Os investidores em imóveis ou tecnologia de saúde devem observar a ênfase do Ministério em centros de ensaios clínicos, instituições de referência e carreiras clínico-científicas. O Falta de financiamento de 100 milhões de euros para o planejado Hospital substituto de Todos os Santos em Lisboa – perdido do Plano de Recuperação e Resiliência (PRR)—não interromperá a construção, segundo Martins, mas sinaliza orçamentos de capital mais apertados e possíveis atrasos para outros projetos de infraestrutura.
Chamada para Colaboração e Pesquisa
Na cerimónia Champalimaud, onde o Ministério atribuiu medalhas por serviços diferenciados, Martins sublinhou o tema do Dia Mundial da Saúde de 2026: “Juntos pela Saúde. Ao lado da Ciência.” Ela pediu trabalho baseado em equipe e colaboração aprimorada entre as instituições, apelando aos gestores hospitalares para que incentivem os médicos a realizar pesquisas, apesar da “enorme” pressão clínica.

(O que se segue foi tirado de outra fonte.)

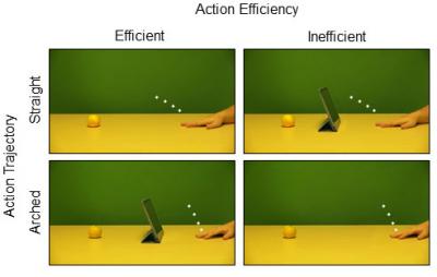 In some screenings of the actions, an obstruction was put in between the hand and the object it was reaching for (see image 1). The arched trajectory was therefore expected to avoid the obstruction, whereas the straight trajectory was 'inefficient' as it would knock into it. Where there was no obstruction, the straight action was free to reach directly for the target, whereas the arched trajectory was unnecessary and unexpected.
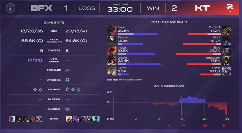 点击为双方选手评分虎扑09月11日讯 【GAME3】BFX蓝色方、KT红色方
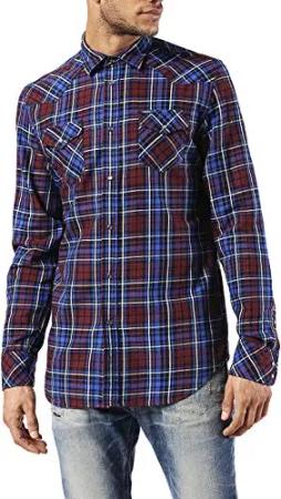 S-Nico Camicia Herren Hemd (M, Schwarz/Rot)
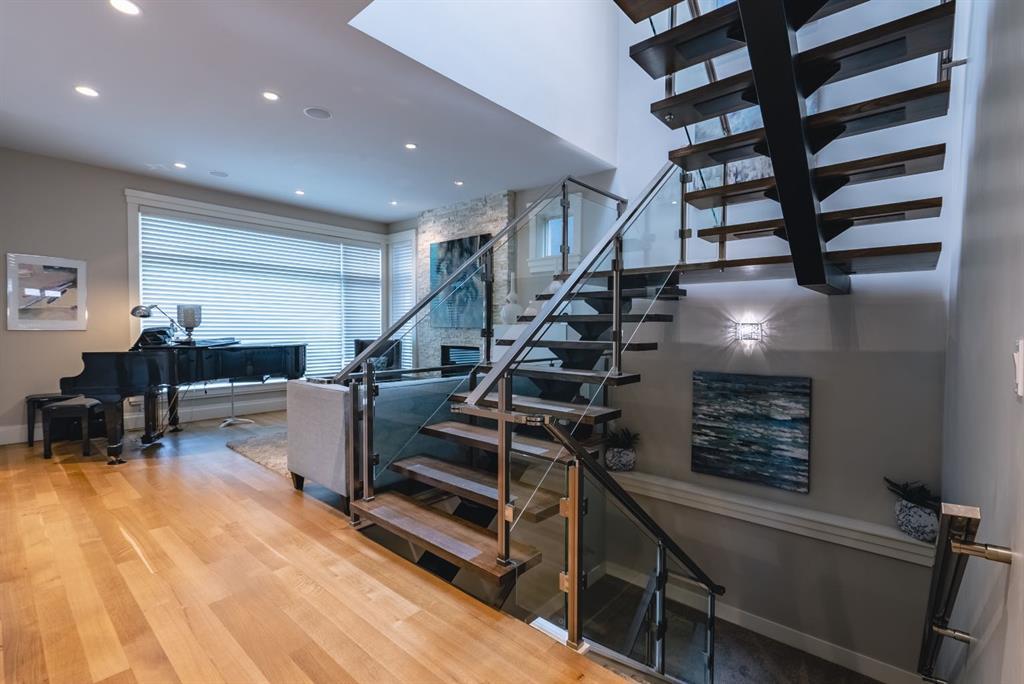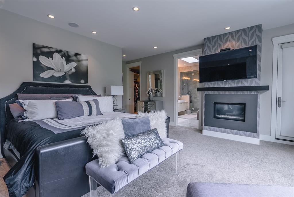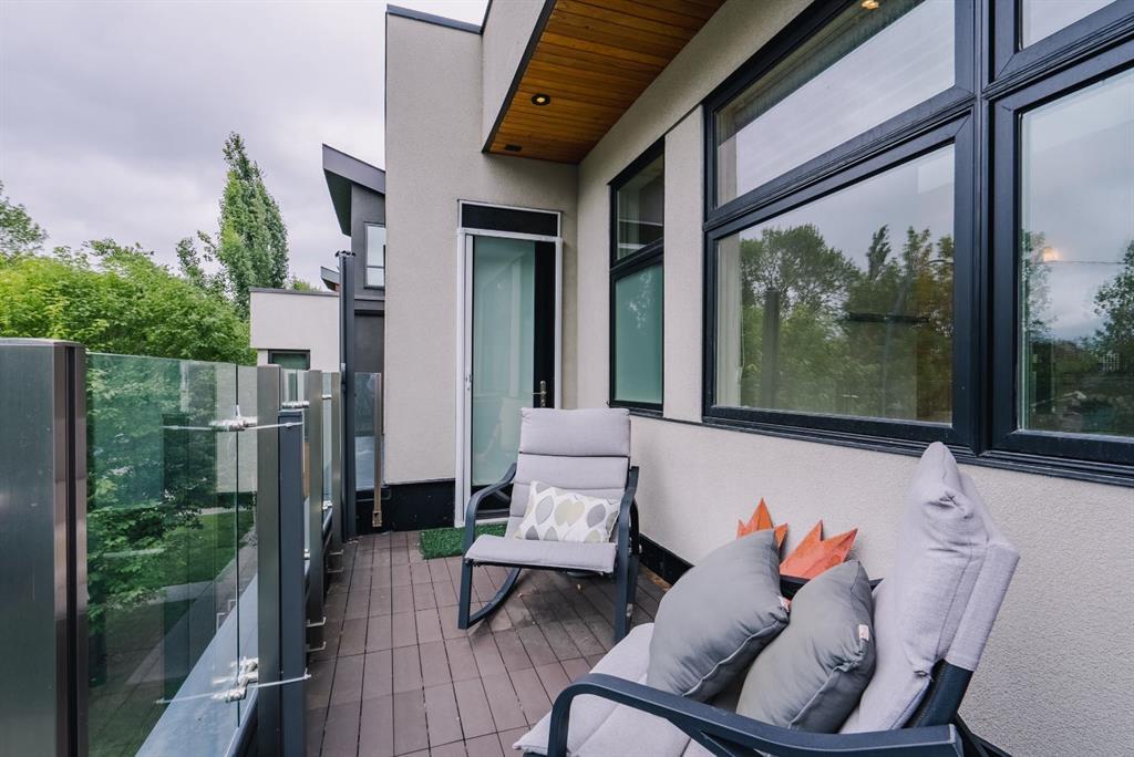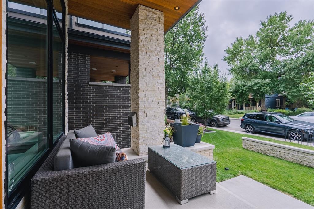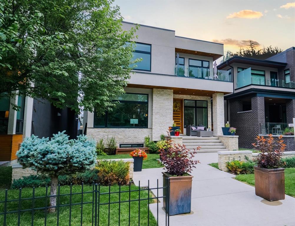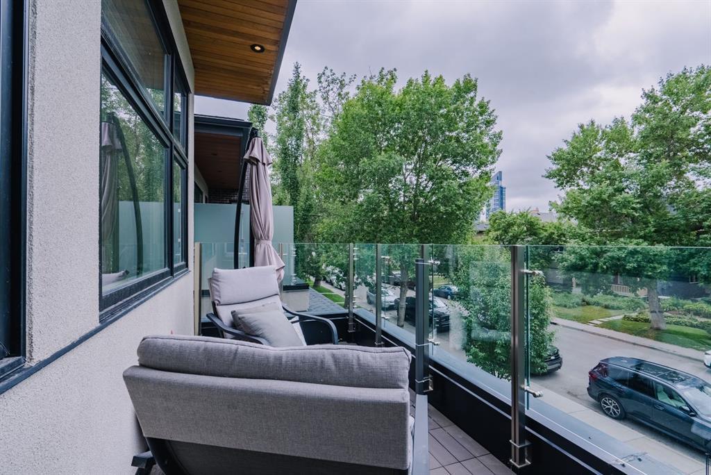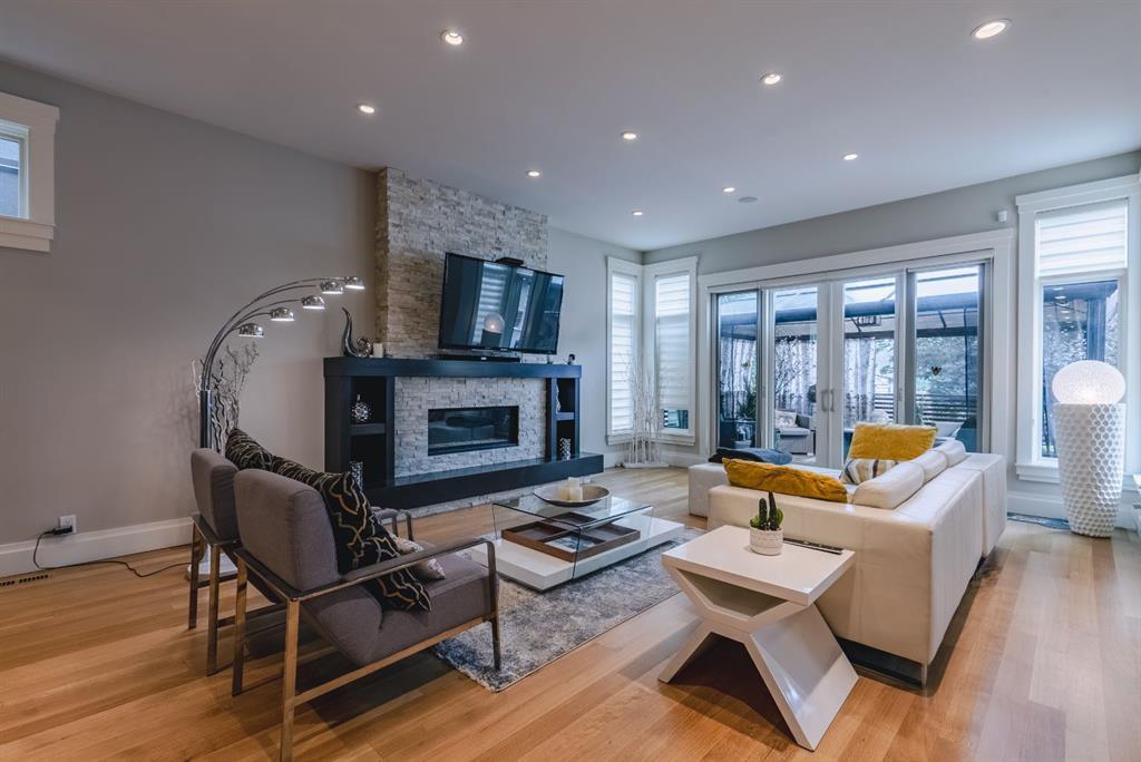 Immaculate West Coast modern home located on an oversized 37.5' x 125' lot in desirable Hillhurst. This home will leave a lasting impression as you walk up the beautifully manicured lot and into a warm and inviting foyer where you'll instantly notice 10' ceilings, impeccable white oak hardwood floors, and clean contemporary lines throughout. A front formal living room is adorned by the south sun and is anchored by a stone surround gas fireplace. The main living space is an open floor plan with a dining area, family room with another gas fireplace and built-ins and an executive kitchen with with a large island with raised breakfast bar and wine fridge, granite & quartz counters, designer styled kitchen cupboards, and high-end appliances including Subzero fridge, and Wolf microwave and gas range. Open riser stairs with glass rails lead up to a bright upper level showcasing 9' ceilings, skylights, convenient laundry, full bath, and 4 generous bedrooms. The primary retreat is a tranquil setting with ample windows, private balcony, gas fireplace, and a luxurious 6pc ensuite with in-floor heat, steam shower and soaker tub. Accessible from the ensuite if the large walk-in closet with custom shelving. The fully developed lower presents in-floor heating, a fifth bedroom and den that can ideally function as a home gym or office. Families will love the large games area and gathering for movies in the media room with projector and screen. A large wet bar with centre island is perfect for storing beverages and making popcorn. The backyard retreat is a serene oasis with a covered gazebo over the deck for privacy, beautiful yard for kids to play and heated double detached garage. Live an amazing urban lifestyle on a quiet tree-lined cul-de-sac within steps of the city's best bike paths, walking distance to downtown, and close to the trendy shops & cafes of Kensington. Welcome home! (id:22211)
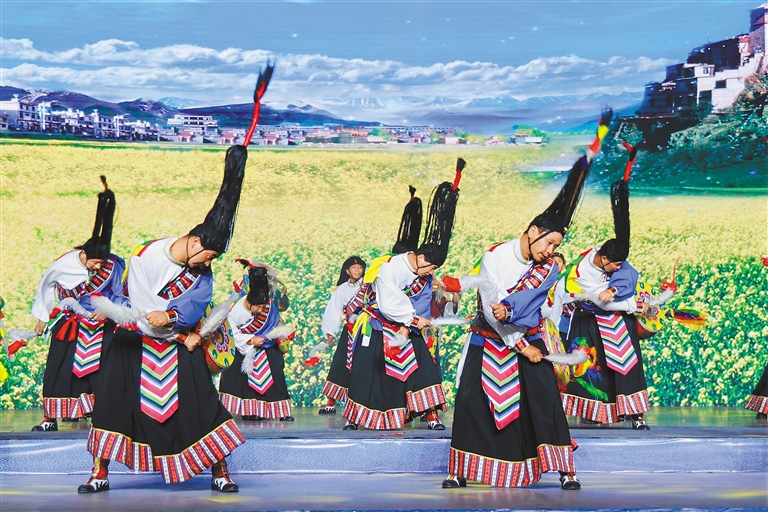 說(shuō)唱《聲生不息》以鏗鏘有力的節(jié)奏,再現(xiàn)世界最長(zhǎng)史詩(shī)《格薩爾王傳》中降魔濟(jì)世的英雄傳奇;舞蹈《達(dá)姆韻》以工布響箭舞步、熱瑪琴伴奏,將對(duì)生活的熱愛(ài)、對(duì)自然的敬畏,化作熱烈奔放的舞步,演繹著傳承千年的文化記憶,彰顯著工布獨(dú)特的生命張力與文化自信;《扎西央恰》將千年宣舞與噶爾舞創(chuàng)新融合,以莊重舒緩的舞步訴說(shuō)著高原先民對(duì)天地的敬畏,以雄渾激昂的鼓點(diǎn)展示雪域歷史的風(fēng)云激蕩,在莊重與激昂中訴說(shuō)阿里高原的歷史變遷……
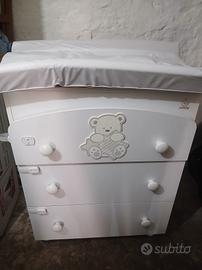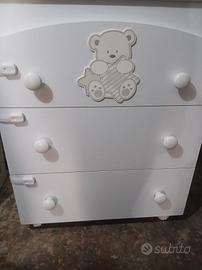 Fasciatoio neonato come nuovo con 3 cassetti,e ruote . inoltre sui cassetti sono stati applicati le chiusure di sicurezza removibili.
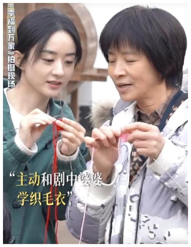 赵丽颖为了能更接地气,还想到了一个好主意。她向剧中自己的“恶婆婆”迟蓬学习织毛衣,一针一线学得有模有样。不但获得了迟蓬的肯定,还将“打毛衣”用在实际拍摄当中。
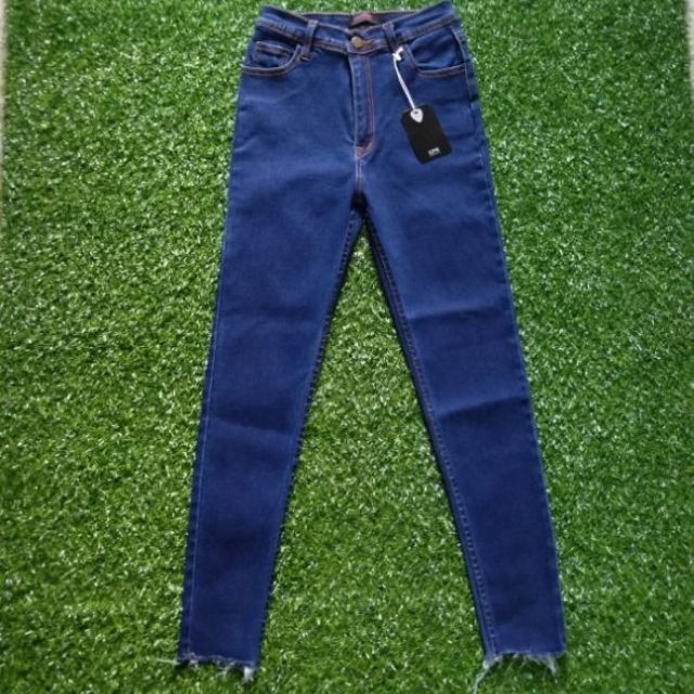 กางเกงยีนส์ยืดทรงสกินนี่ เอวสูง

Ela pediu aos profissionais de saúde que investissem em treinamento, estágios e parcerias com universidades e inovadores tecnológicose evitar o isolamento dos setores acadêmico e tecnológico. O apelo reflecte uma ambição mais ampla de posicionar Portugal como um centro para ensaios clínicos e inovação biomédicamas também sublinha a dificuldade de equilibrar o cuidado diário dos pacientes com os objetivos estratégicos de longo prazo num sistema sobrecarregado.
Se o SNS pode sustentar a produção recorde, absorver centenas de milhares de utilizadores e, simultaneamente, promover a excelência da investigação, permanece uma questão em aberto. Por enquanto, moradores e profissionais estão observando para ver se o Implementação do SINACC, melhorias orçamentárias e investimentos em pessoal pode dobrar a curva – ou se os protestos, as demissões e as listas de espera continuarem a crescer.